Besides, quantum teleportation is not really about sending the photon somewhere; it only comes into play once the photons are already in place in two locations. You only send the entangled photon a single time, and after that, you can perform the operations to achieve the quantum teleportation.
Once they’re in place, you could then tell if someone performed an operation on the other photon, but that’s the only superluminal information you might be able to get. You couldn’t tell specifically what operation was performed unless there are accompanying subluminal transmissions to provide you with the missing information you need.
For the purpose intended, finding objects otherwise not readily detected with incoherent visible light, or radar, or similar frequencies, knowing ‘it’s there’ or ‘it’s not there’ is all the information you need. ‘it’s there’ means nothing happened ~ but if ‘it’s not there’ you have a different situation entirely. Now do that a million times a second with gazillions of split photons.
Hence the conclusion that it can't be used for purposes of communication, or the sending of information of any kind ~ or even for sending negative-information of nothing at all.
That does not mean we can't get around those limitations eventually. Scientific observation of aggregations/groups of entangled photons is a really new field and few can begin to guess what that will lead to.

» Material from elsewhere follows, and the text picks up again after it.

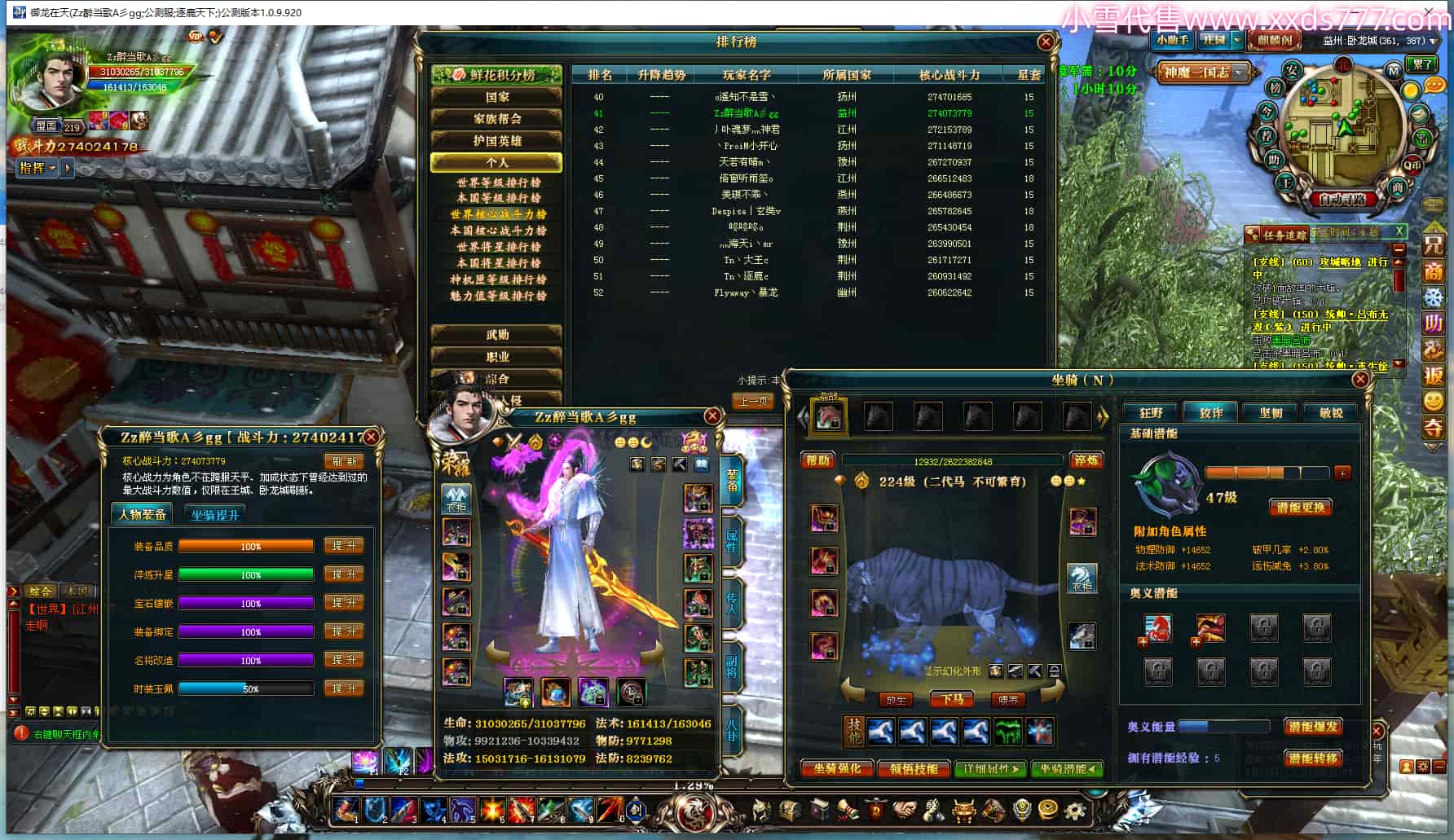 编号Z24434 Zz醉当歌A彡gg 逐鹿天下 益州 世界排名41名 27402W战力 人物黄金加强橙16X(2件18X10件混沌) 传人黄金史诗紫15X 副将极品紫12X 马加强橙13X 极品紫15披风 人物星魂16级 传人星魂15级 副将星魂6级 马星魂16级 人物铭刻2件18级6件16级其余15级 点亮1件18星其余16星 马铭刻13级 点亮12星 人绿龙印(1件紫龙印) 马黄龙印 六等单双属性神圣完美无暇石头 黄绿孔 已开完永久15星套
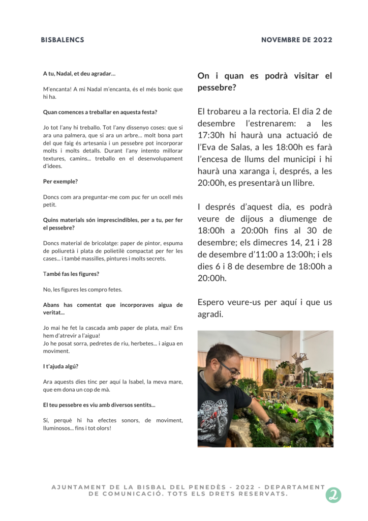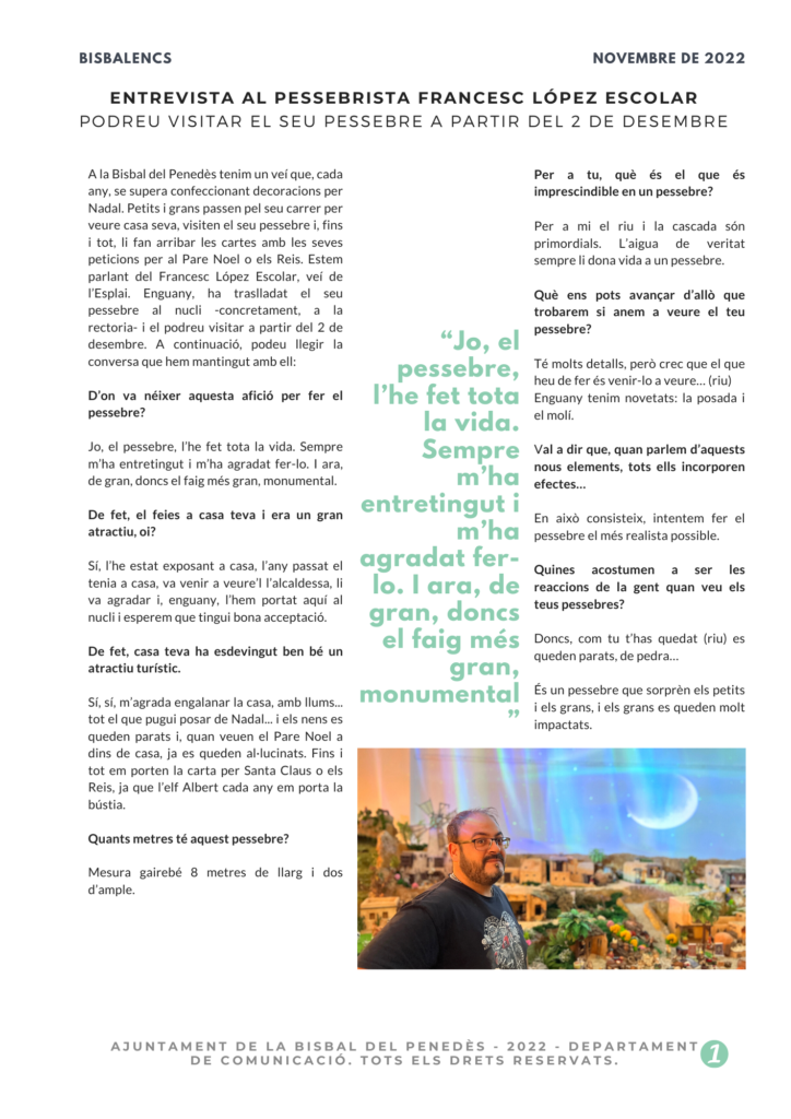 El proper divendres 2 de desembre obre les portes el pessebre del Francesc López Escolar, que es podrà visitar durant tot el mes de desembre a la rectoria. Aquesta és l’entrevista que li hem fet al pessebrista bisbalenc.

As early as 1990 AT&T was working on using entanglement to assist in protecting encrypted messages. Last time I looked at that they'd overcome many hurdles ~ but the big idea was that sometimes no information is the answer.
My understanding is that entanglement can't be used for communication since the process presumably of interest to us is instantaneous and since nothing can exceed the speed of light, then it doesn't really exist, or it's a misunderstanding, or all sorts of other reasons why somebody doesn't want it to be of use.
I do believe research into entanglement has advanced way beyond that. But the top dogs aren't talking!
Some of us are old enough to remember how laser research and technology went underground for more than 20 years. Just flat out disappeared.